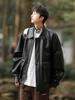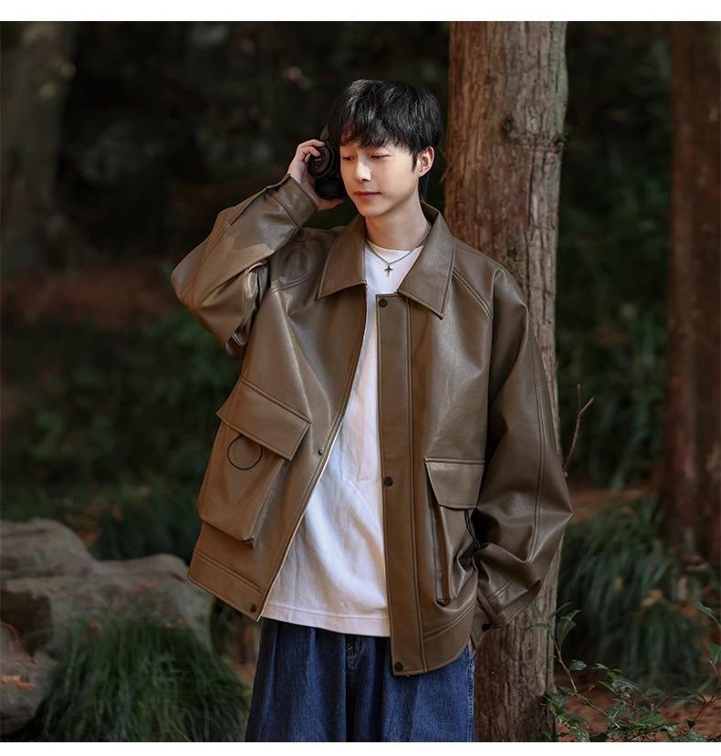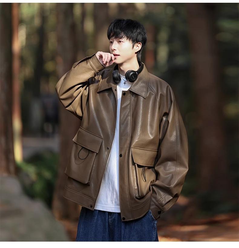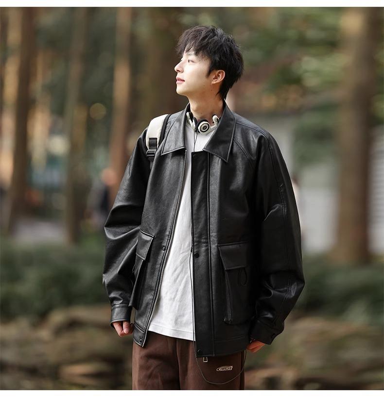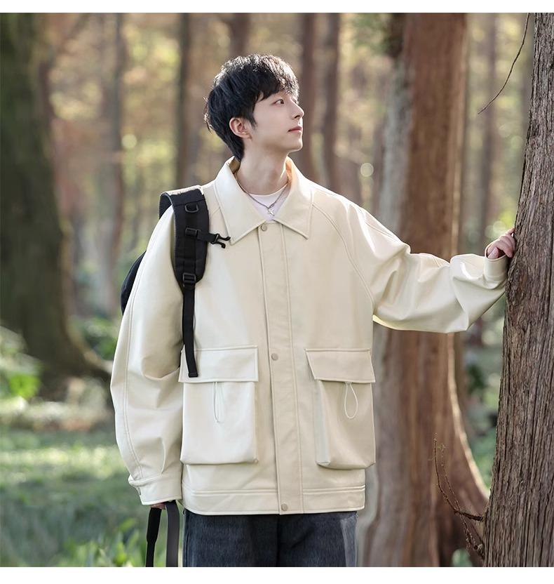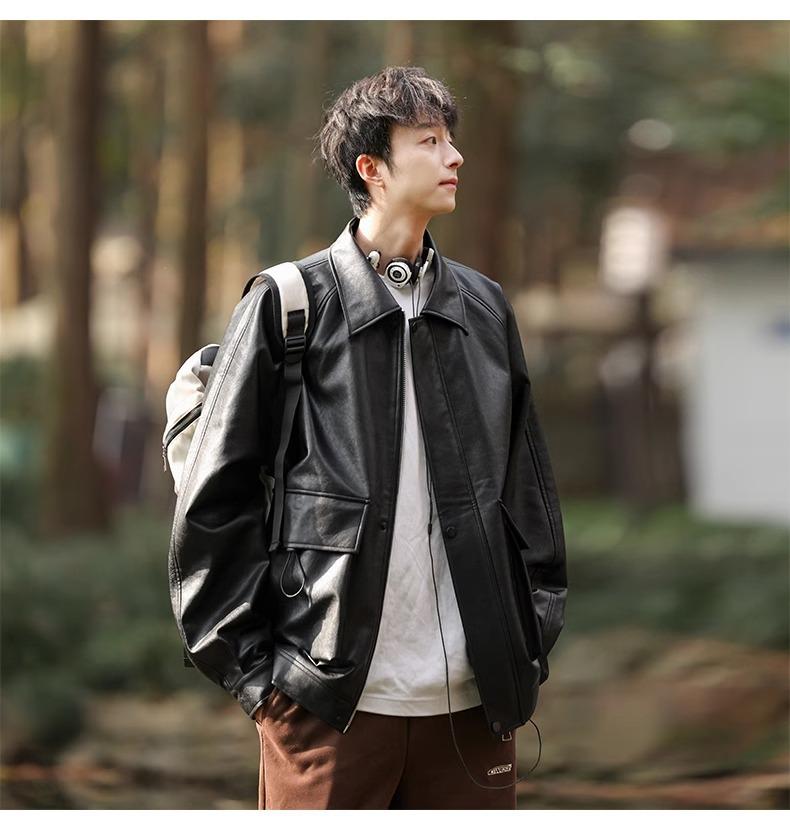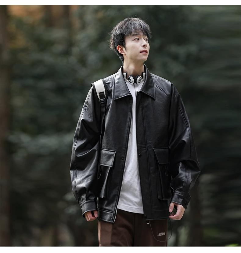 Chaqueta de cuero sintético con solapa de la NASA para hombre, primavera y otoño de 2025, estilo motociclista, estilo americano, para exteriores, holgada, de cuero sintético.
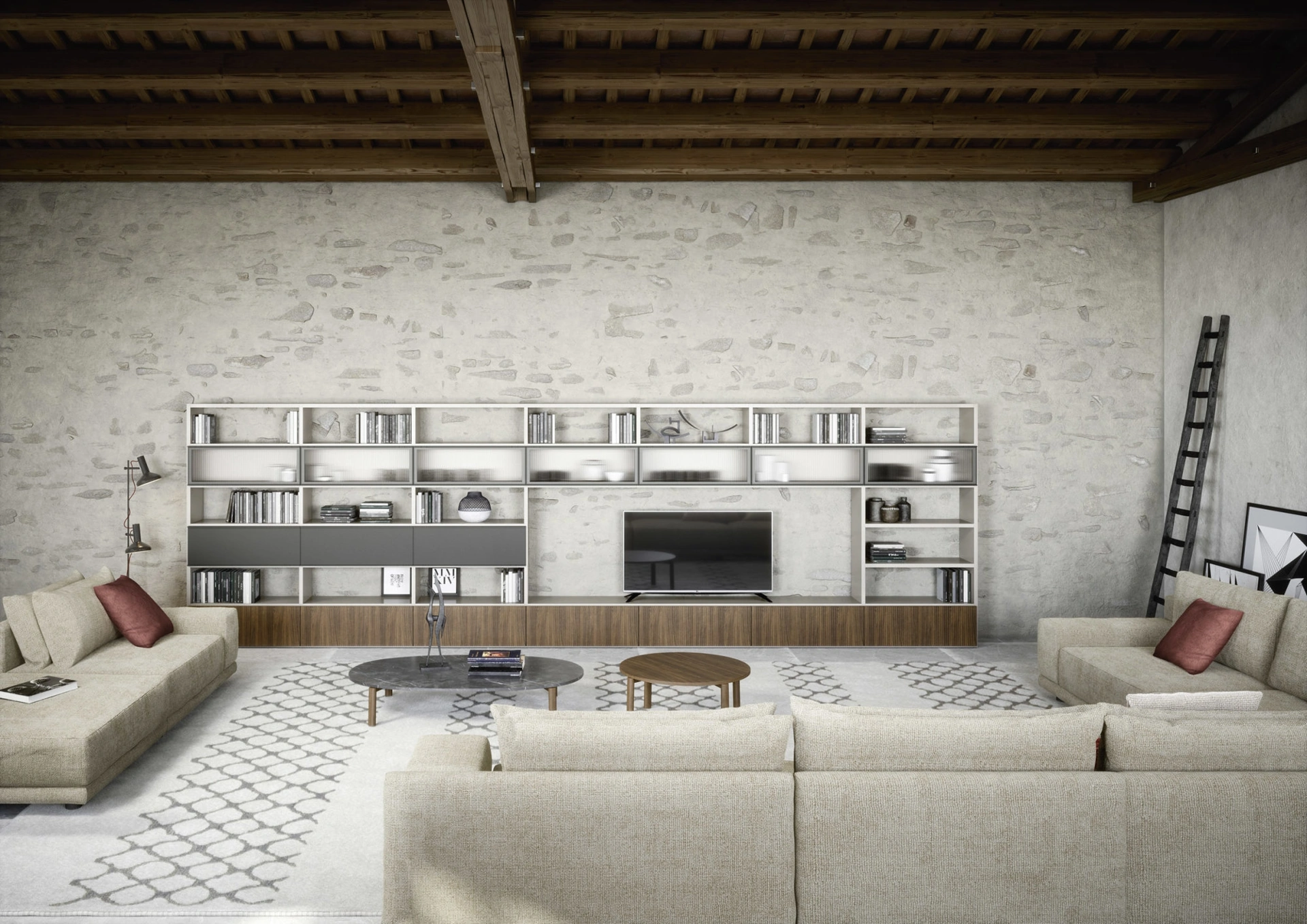 La Parete Attrezzata Wall 30 05 di Novamobili nell'immagine, con finitura in laccato opaco, risolve le più particolari problematiche abitative di stile e spazio senza rinunciare alla ricerca estetica. Anche in un soggiorno di dimensioni contenute, questo tipo di arredo riesce a ottimizzare gli spazi valorizzando ogni angolo e assicurando l'alta componibilità tipica delle soluzioni moderne. Un po’ librerie, un po’ mobili contenitori ed espositori: le Pareti Attrezzate sono ideali per organizzare uno spazio operativo e pratico. Questa proposta rappresenta tutta l'eccellenza che il marchio garantisce grazie a pluriennale competenza e grande dedizione nel campo dell'arredo e del design.
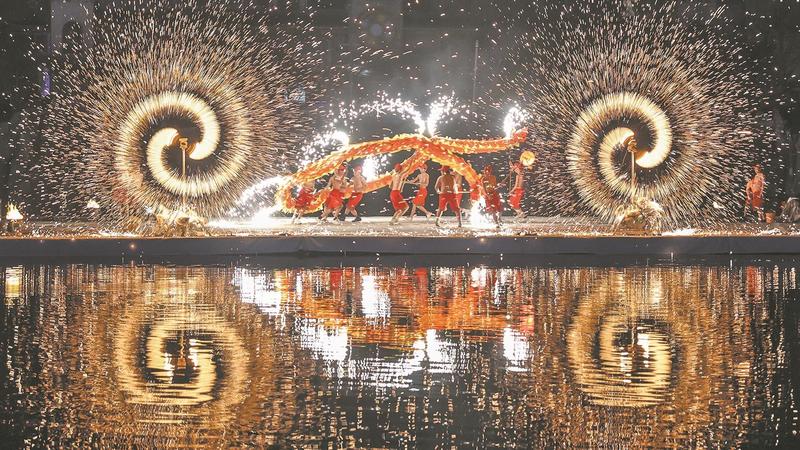 华侨城奇幻谷:“火龙钢花”映夜空
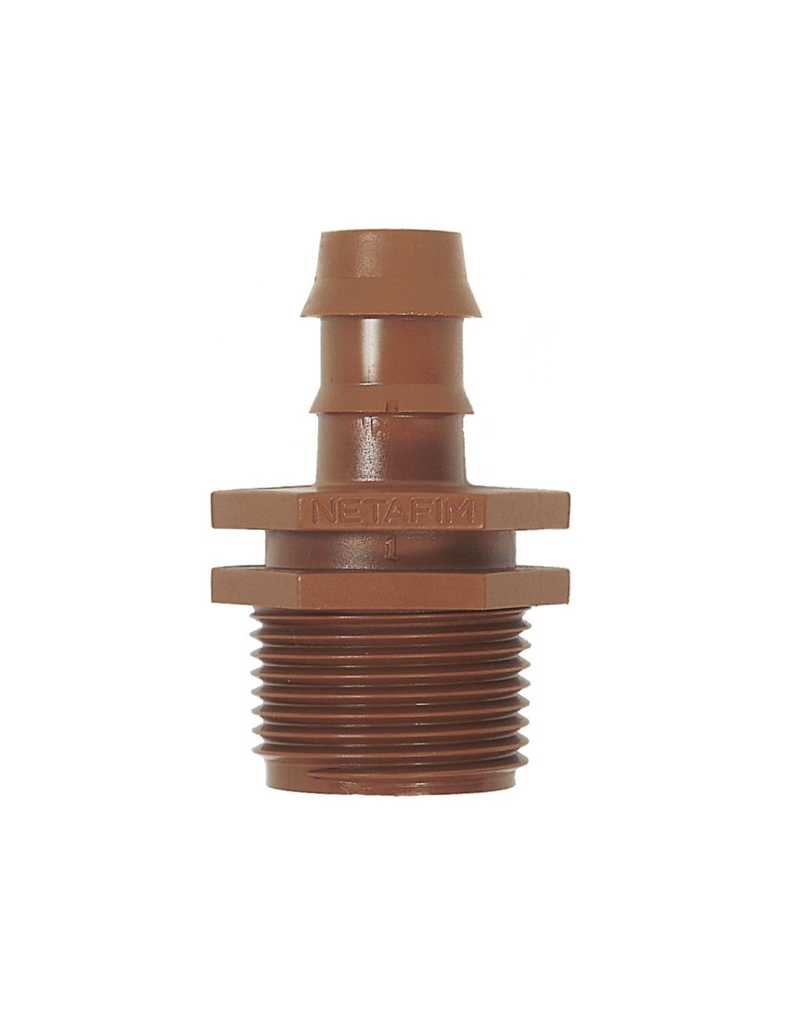 La espiga marrón de 17 a ½" permite conectar tubería de goteo a elementos con rosca, como filtros, programadores o electroválvulas.
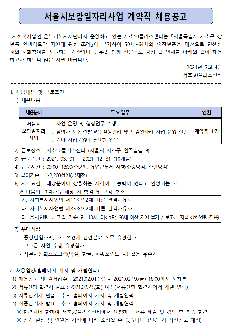 서울시 서초센터 | [채용]서초50플러스센터 서울시 보람일자리사업 직원채용 안내

********

PROBLEM TO WORK ON: Every entry above should come back exactly as written, except for its pictures.

REPLY TO THE EXERCISE:
 Chaqueta de cuero sintético con solapa de la NASA para hombre, primavera y otoño de 2025, estilo motociclista, estilo americano, para exteriores, holgada, de cuero sintético.
 La Parete Attrezzata Wall 30 05 di Novamobili nell'immagine, con finitura in laccato opaco, risolve le più particolari problematiche abitative di stile e spazio senza rinunciare alla ricerca estetica. Anche in un soggiorno di dimensioni contenute, questo tipo di arredo riesce a ottimizzare gli spazi valorizzando ogni angolo e assicurando l'alta componibilità tipica delle soluzioni moderne. Un po’ librerie, un po’ mobili contenitori ed espositori: le Pareti Attrezzate sono ideali per organizzare uno spazio operativo e pratico. Questa proposta rappresenta tutta l'eccellenza che il marchio garantisce grazie a pluriennale competenza e grande dedizione nel campo dell'arredo e del design.
 华侨城奇幻谷:“火龙钢花”映夜空
 La espiga marrón de 17 a ½" permite conectar tubería de goteo a elementos con rosca, como filtros, programadores o electroválvulas.
 서울시 서초센터 | [채용]서초50플러스센터 서울시 보람일자리사업 직원채용 안내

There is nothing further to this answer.